Denali Narional Park is in the center of Alaska, 237 miles north of Anchorage and 121 miles south of Fairbanks. Despite the fact the park is larger than some East Coast states, only one rough gravel road cuts into its stillness. In this view we look across one of the many braided river beds at one of the Park's mountain ranges (but not "the Mountain" itself). For as far as the eye can see there are no roads, no shopping malls, no gang wars (at least no two-legged gang wars), no telephone poles, no billboards or warning labels. There is only a world like it must have been during the last Ice Age, during the dawn of mankind. Throughout the Park, views like this overwhelm and echo to our roots, and draw about a half-million tourists a year.

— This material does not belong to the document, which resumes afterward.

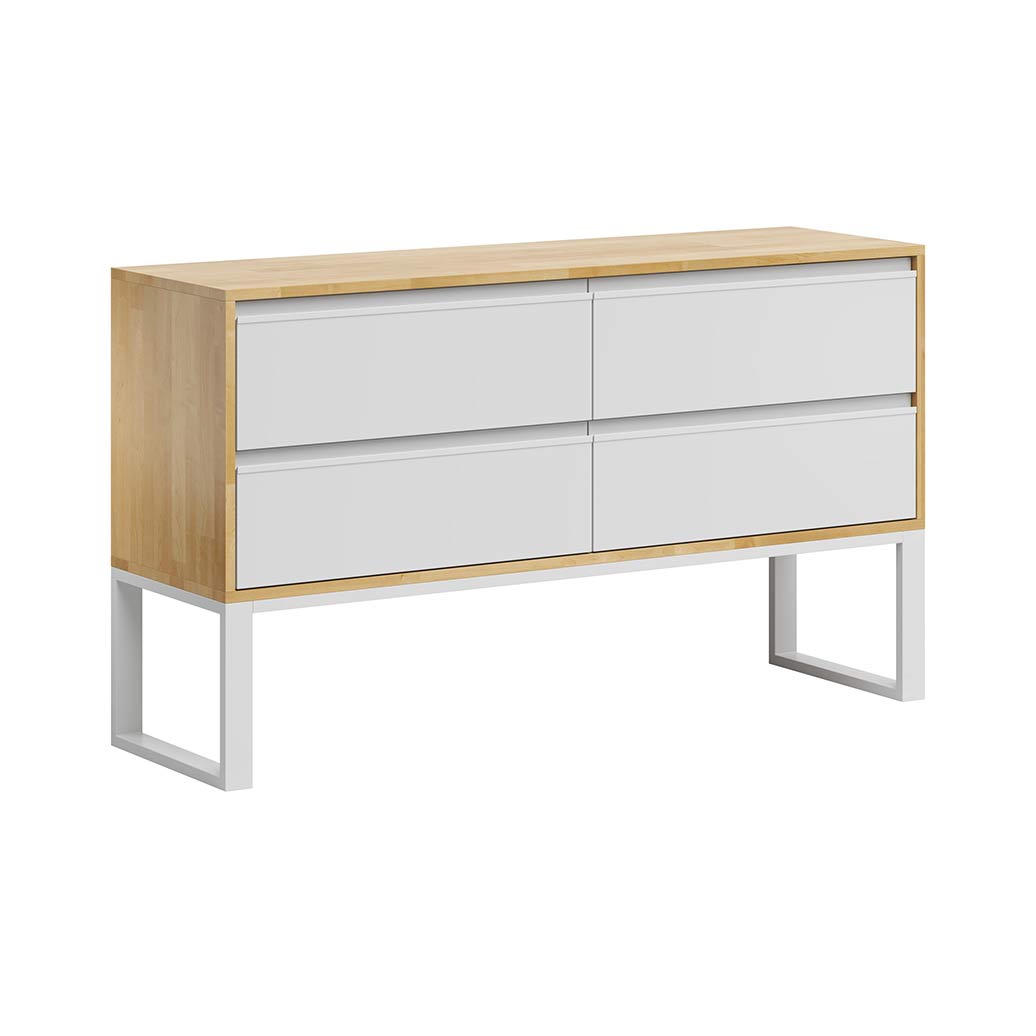 Sophisticated yet elegant – our 140 cm white oak wood office cabinet is the perfect solution for your office. The combination of white and oak adds a modern touch to the interior, while exuding warmth and coziness. The cabinet was carefully designed to provide maximum functionality. Its wooden body lends solidity and durability, while the white surface adds lightness and brightness. Equipped with drawers, our office cabinet allows you to store a variety of documents, office accessories and more. Thanks to its sturdy construction and high-quality materials, you are assured that your important things will be safe and organized. Not only practical, but also aesthetically pleasing – our office cabinet is the perfect complement to a modern office that reflects both professionalism and style.

Majestic Mt. McKinley is the tallest mountain on the world's surface from base to summit, and the highest mountain on the North American Continent. At 20,320 feet it towers above its base, the broad stretches of Denali National Park. It was first climbed by a group of sourdoughs in 1913, on an adventure organized by 49 year old Hudson Stuck, an Episcopal missionary.

Look up! The top of Mt. Mckinley in this picture is at the top of photograph—not those scraggly little peaks along the middle. (Don't feel silly, most people ask which "bump" is McKinley).

And all the while as we bumped along in that bus, The Mountain, the Great One, stayed behind her cloud-skirts, shy and retiring. Through hours of hard riding we craned to see a glimpse of her. At Wonder Lake, the end of the 90-mile road for us and the place where Ansel Adams shot his wonderful moonlit photo in 1948, we hoped again to share the view he once had. But no luck. We hung around Wonder Lake, swatting hordes of mosquitoes and watching a bull moose plod through a pond feeding. After a short break it was time to head back.

Just after we began the return trip a whoop went up, "She's coming out!" a visitor from California yelled. And another rider pointed, "See where the clouds are parting?" The bus stopped and we all climbed out. There, if you looked up ABOVE the clouds, we were treated to 15 minutes of sheer awe before The Great One retreated again. It was beyond our imagination - her sheer size, the subtle colors, her jagged powerful peaks and permanent glaciers. It was a perfect day.